# Moving to Hawaii,



## kimo (Feb 12, 2011)

We are Canadians in our early 50's, I just retired, and my wife retires in June, we will be selling our house and using some of the money to buy a condo in Waikiki, we have been coming to Waikiki for 30 years, so know very well what its like there, but because of U.S. immigration rules we can't spend more than 6 months a year in the U.S. so our plan is to live there mid September to February, then come back to BC to visit do any legal stuff etc, (taxes etc) then maybe live in Mexico for 4-5 months, and maybe do some travelling, then back to BC to visit etc, then back to Hawaii, and start the routine over again. Does anyone know if there are any special documents you have to fill out to stay 5-6 months, or when we are asked how long we are staying do we just tell them like when we just come for 2-3 weeks? Mahalo!:usa:


----------



## Newyorkaise (Nov 30, 2010)

I'm not an expert on this, but I poked around a couple of US government websites and don't see anything that would require you to fill out any particular paperwork if you're planning to stay for less than your permitted six months.

Just be sure that you don't say anything that might imply you were likely to overstay your visit and try to take up residency - it might be good if you could show (only if asked...) that you still had ties "back home" in Canada. I've lived in HI, and there are certainly plenty of people who come from abroad for an extended period (usually in the winter, of course) - I would think most of the immigration officials there know enough not to jump to conclusions about who's likely to be a problem.

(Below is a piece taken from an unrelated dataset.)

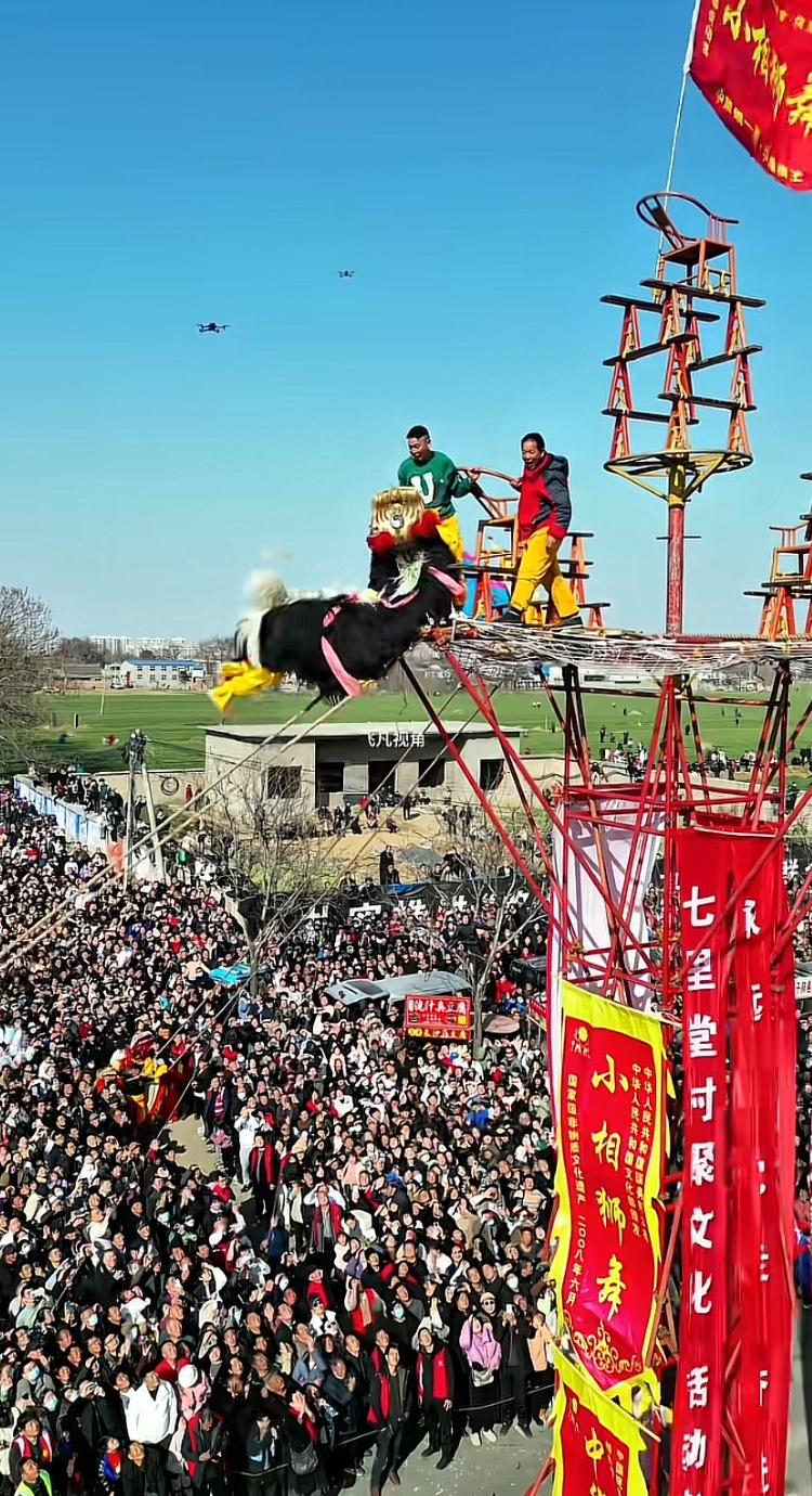 网上那些爱搞对立的人,在夸赞南狮优雅美观之际,却拼命贬低北狮,称其为不入流的杂耍! 北狮实则是极具阳刚之美的传统武术技艺。南狮的技巧,北狮表演者皆能驾驭;而北狮的功夫,又有哪个南狮表演者敢去尝试? 北狮表演需要过人的胆识、超强的力量与精湛的技巧,每位表演者都是武术高手。其动作大开大合,节奏明快,刚劲有力,充满力量感。表演场地不拘,或为平地,或为高台,或为梅花桩,诸多表演技法南狮根本难以企及。河北铁狮 中国北狮 天津北狮

Sounds like a wonderful adventure you're about to embark on. Good luck.


----------



## kimo (Feb 12, 2011)

*Thanks*



Newyorkaise said:


> I'm not an expert on this, but I poked around a couple of US government websites and don't see anything that would require you to fill out any particular paperwork if you're planning to stay for less than your permitted six months.
> 
> Just be sure that you don't say anything that might imply you were likely to overstay your visit and try to take up residency - it might be good if you could show (only if asked...) that you still had ties "back home" in Canada. I've lived in HI, and there are certainly plenty of people who come from abroad for an extended period (usually in the winter, of course) - I would think most of the immigration officials there know enough not to jump to conclusions about who's likely to be a problem.
> 
> Sounds like a wonderful adventure you're about to embark on. Good luck.


thanks off replying, I will eventually get around to the official websites, just thought i'd see if anyone on here had any firsthand knowledge. I know very well not to say too much at immigration, especially in this day and age, thats why on our last visit I didn't bring it up. do you or anyone else know if you have to give an exact return date and / or have a ticket for the return flight if its 5-6 months away. Mahahlo!lane:


----------



## Newyorkaise (Nov 30, 2010)

Well, I know that as a US citizen I need to show a return ticket in order to board a flight for travel overseas, so my instinct is that the same applies when someone comes to the US from elsewhere. 

And I also know that even flying domestically, if I have only a one-way ticket I get pulled aside for that extra-special "we know you're up to no good" treatment that only US airport security really know how to deliver.

I'd even be a bit surprised if your airline would allow you to fly with a one-way ticket - seems to me they have some kind of implied liability for transporting potential undocumented immigrants to the US.

But someone with actual knowledge of the rules may be better suited to answer the question.


----------